Pilots slam US SilkAir suicide crash report
 
Associated Press
SINGAPORE
February 23, 2001


INTERNATIONAL pilots slammed a US government report that said pilot suicide may have been to blame for a 1997 SilkAir plane crash, saying the US expert's findings were based on ''very thin evidence'' and were ''profoundly troubling''.

US government investigators in December issued a report that said investigations ''strongly supported'' that pilot suicide could have caused the Boeing 737 to crash in Indonesia in 1997 and kill all 104 people on board.

Indonesian investigators concluded at the same time that there was not enough evidence to say what caused the crash.

The International Federation of Air Line Pilots' Associations said in a statement received on Friday that the US National Transportation Safety Board, or NTSB, report was not thorough.

''The NTSB, finding no convenient ''smoking gun'' and relying on a psychological autopsy, concludes that the Captain of the flight committed suicide and was responsible for the murder of his passengers and crew,'' the statement said.

''There were no recordings of the final minutes of the flight. The high speed of the impact in a difficult location resulted in little surviving physical evidence.''

The London-based pilots' body, which represents about 100,000 pilots worldwide, said the fact that the US ''feels the need to contradict the conclusions of an international investigation based upon simple conjecture is inexcusable''.

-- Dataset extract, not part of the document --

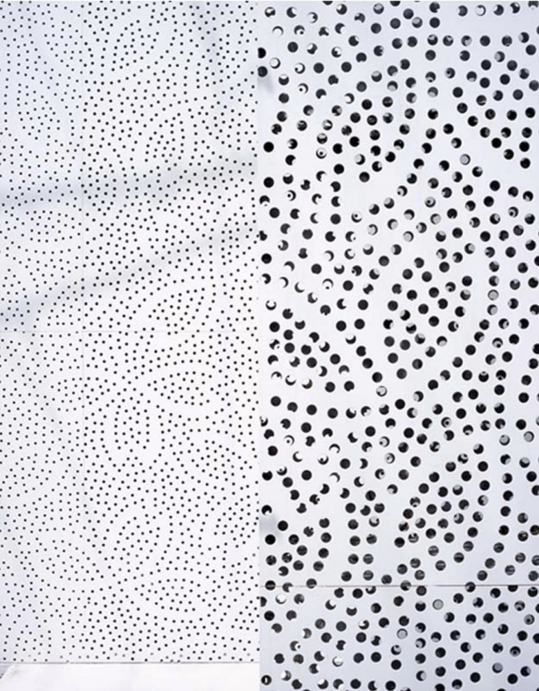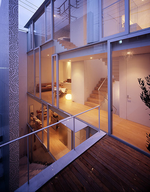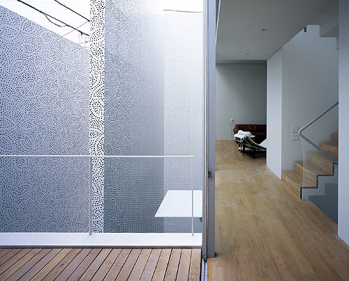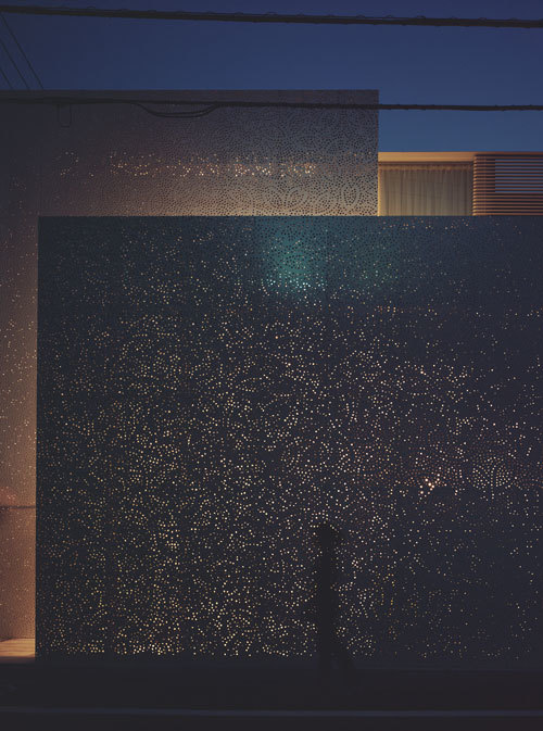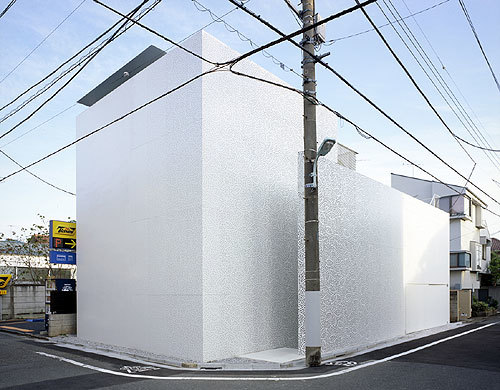 東京の住宅地に計画された夫婦二人のための住居兼オフィス。 都内でも有数の地価の高いエリアに敷地はあるが、他の都心部の住宅地の例に漏れず住宅が雑然と密集した状況から、その価格ほどに住環境として良質であるとは言い切れない。 ここに更にもう一つ住宅を押し込むことより、良好な住環境を生み出すことの方が、まず先決であるように感じられた。 思い出したのは、ミースとフィリップ・ジョンソンによる二つの著名な「ガラスの家」である。室内を裸で歩きたくもなるような、その自由さと開放感は、ガラスそのものの透明性にもよるが、なにより建築を取り巻く気持ちのよい周辺環境=「森」によるところが大きい。 「森」がすでに気持ちのよい住環境を形成しているのである。だから、建築はごく薄く透明な皮膜で内外の空気を切り分けるだけでいい。 居住に適した環境さえあれば、「住宅」そのものさえ必要がなくなっていくことを明快に示している。 求めたのは、この「森」の代わりとなる存在である。 具体的には、居住に適した環境を生み出すため「の」の字型にくるりと巻かれた2枚の大きな帯状の面を敷地内に設置することで、良質な住環境を発生させる事を試みたのである。 それぞれ高さ7.5mと5mの木漏れ日のように光を透過する、厚さ3mmのステンレス製のレース状の、自立する壁面である。 伊勢型紙の伝統文様である桜のパターンに沿ってパンチングされている。 このように抽象化された桜の森を分け入ると、「気持ち良く住まえる「予感」のする環境」が現れる。 ここには「住宅」という「構え」は、もはや見当たらない。ここは純粋な「住環境」であって、記号化されたいわゆる「住宅」ではないし、ましてや「住宅地」でもない。 都市の届かない 明るい深部 が、東京に生みだされたのである。

The NTSB contributed to the final report on the crash investigation because the plane that crashed was made by American company Boeing. The investigation was led by Indonesia, and Singapore investigators also took part.

The nearly-new Boeing 737-300 plunged into a river on Indonesia's island of Sumatra on December 19, 1997, while en route from Jakarta to Singapore. The plane belonged to SilkAir, a subsidiary of flag-carrier Singapore Airlines.

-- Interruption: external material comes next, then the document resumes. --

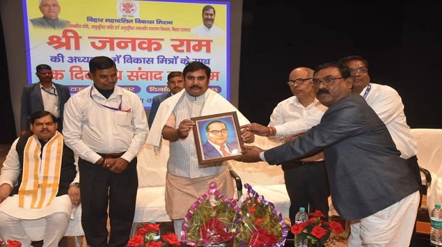 Bhagalpur News: एससी-एसटी वेलफेयर मिनिस्टर जनक राम शुक्रवार को भागलपुर पहुंचे और उन्होंने टाउन हॉल में विकास मित्रों के साथ संवाद किया. इस एक दिवसीय संवाद कार्यक्रम में जिले के सभी नियोजित 297 विकास मित्र उपस्थित रहे. मंत्री द्वारा वर्त्तमान में संचालित सभी विभागीय योजनाओं पर विस्तृत रूप से प्रकाश डाला गया. उनके द्वारा संवाद कार्यक्रम में विकास मित्रों को निदेशित किया गया कि उक्त संचालित योजनाओं के सफल क्रियान्वयन में आप सभी की अहम भूमिका है.

''Suicide committed by pilots of commercial aircraft is an event so rare that it has never been positively documented by any investigation,'' the statement said. ''Now, in the space of two years, the NTSB has inferred the existence of a suicide in two separate accidents. In neither case can the allegation be proven.''

The US body also suggested suicide was to blame for a 1999 EgyptAir crash, saying the co-pilot may have intentionally plunged the airliner into the Atlantic Ocean off the Massachusetts coast on October 31, 1999.

EgyptAir rejected the findings.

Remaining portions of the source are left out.